I still remember the afternoon I walked out of the seminar hall feeling really small. A colleague had pulled me aside after my presentation and said, almost casually, “You know… you’re not as energetic and quick as the other speaker. He’s much better.”

I nodded politely, but inside I felt something break. It was as if someone had quietly measured my existence—and I had fallen short.

I found an empty classroom, sat down, and looked at my notes. I didn’t move for a long time. A few minutes later, someone entered. It was Sara—a fellow colleague, insightful enough to sense the heaviness on my face.

“You look like someone stole your thesis,” she said, half-joking.

I managed a faint smile. “No, someone just compared me to another speaker. And I can’t stop thinking about it.”

She pulled up a chair next to me. “What did they compare?”

“He said I speak more slowly, with less energy, and, basically, I am less impressive.” I said, looking at my notes.

She took a deep breath, as if she had heard this story a hundred times before.

“Humans aren’t comparable.”

“That’s your mistake,” she said. “You think humans can be compared. They can’t.”

I frowned. “Of course they can. People compare everyone.”

“Not meaningfully,” she replied. “To compare two people, you must assume they have the same background, the same temperament, the same strengths, and the same goals. No two people ever do.”

Her words landed quietly, but powerfully.

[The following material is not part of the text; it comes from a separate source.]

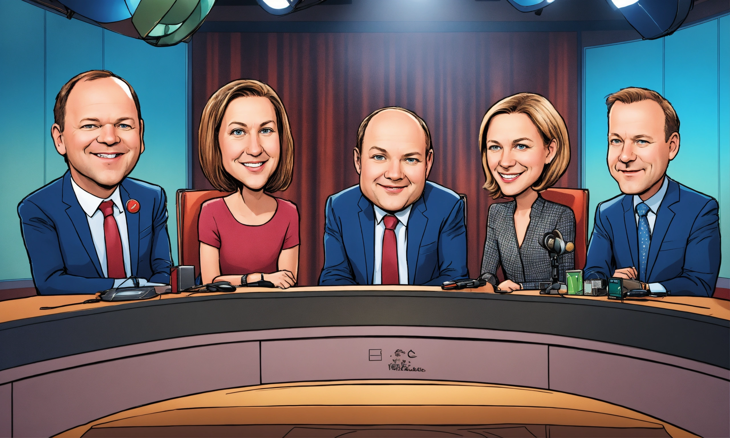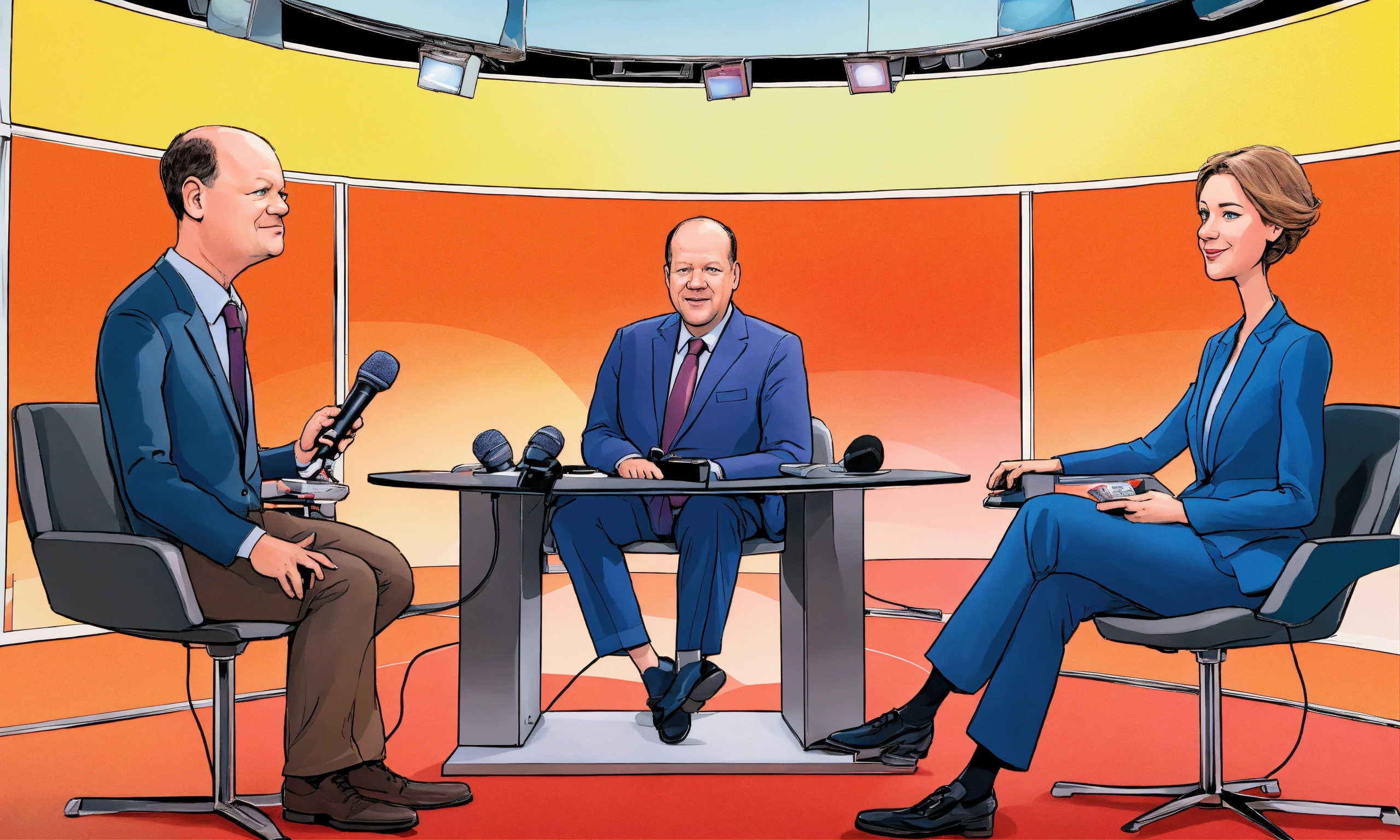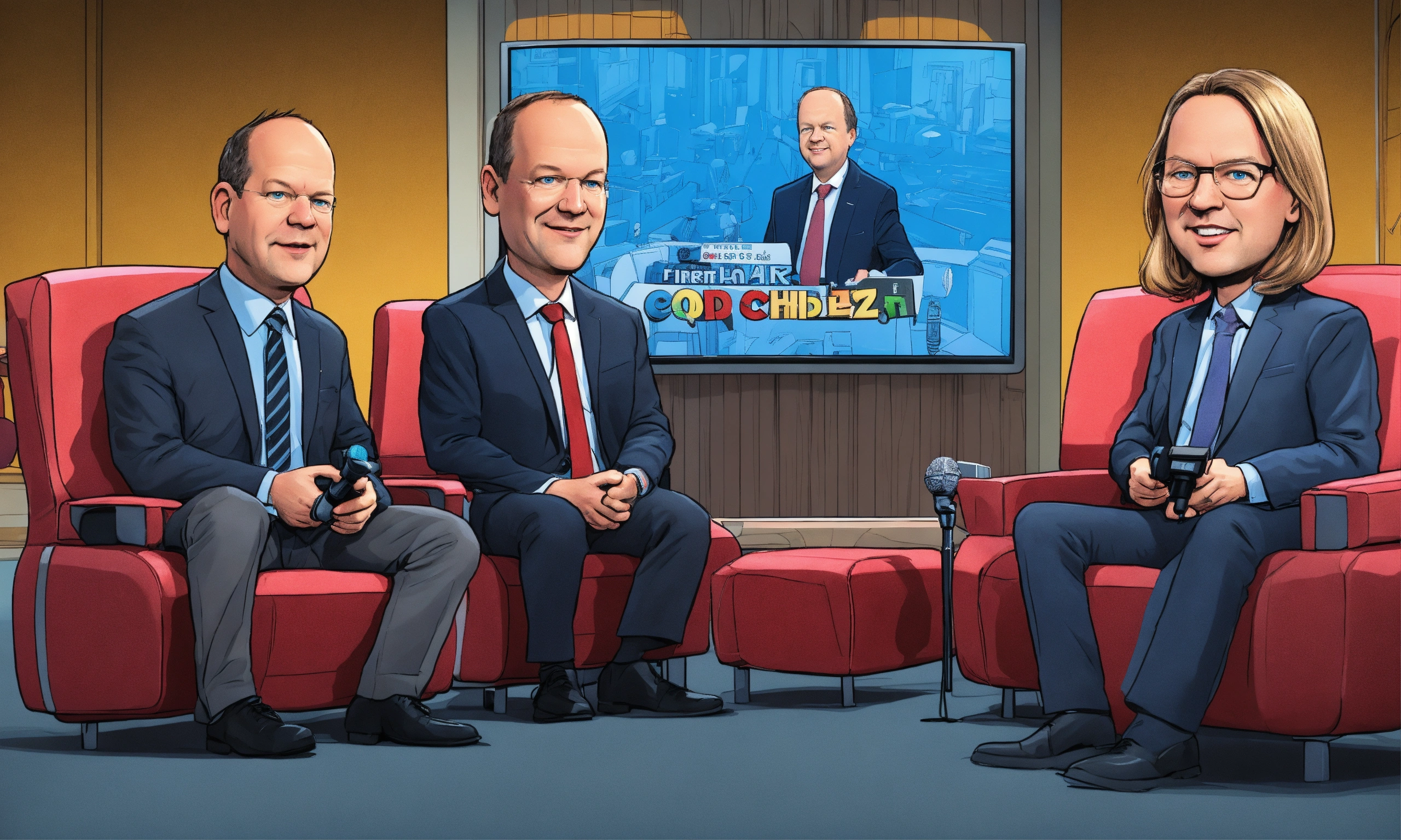 In this cartoon-style image, you can see olaf scholz, friedrich merz, robert habeck, and annalena baerbock depicted as caricature comic characters in a front view. they are sitting on a chair, each holding a microphone. the background resembles a television studio in a comic style. the image quality is described as 3d and uhq.

Different Potentials, Different Journeys

She leaned forward as if sharing a secret. “You grew up in a calm household. You’re reflective by nature. You think before you speak. Your communication strength is clarity, not speed.”

I hadn’t thought of it that way.

“And that other speaker?” she continued. “He has a naturally fast, animated style. He talks like fireworks. You speak like a river. Why should rivers compete with fireworks?”

Something loosened in my chest.

A Story from Her Classroom

She told me about a child whose mother often complained that her daughter “never asked questions like other kids.”

But that child,” Sara said, “had a mind like a deep well. She listened. Observed. Absorbed. She just didn’t express curiosity out loud.

The mother, blinded by comparison, perceived a flaw where there was actually brilliance.

I thought of the times comparison had made me misjudge myself.

The Real Damage

“You know what comparison does?” Sara said softly. “It destroys self-worth. It makes you afraid to try new things. It convinces you that unless you match someone else’s strengths, you have none of your own.”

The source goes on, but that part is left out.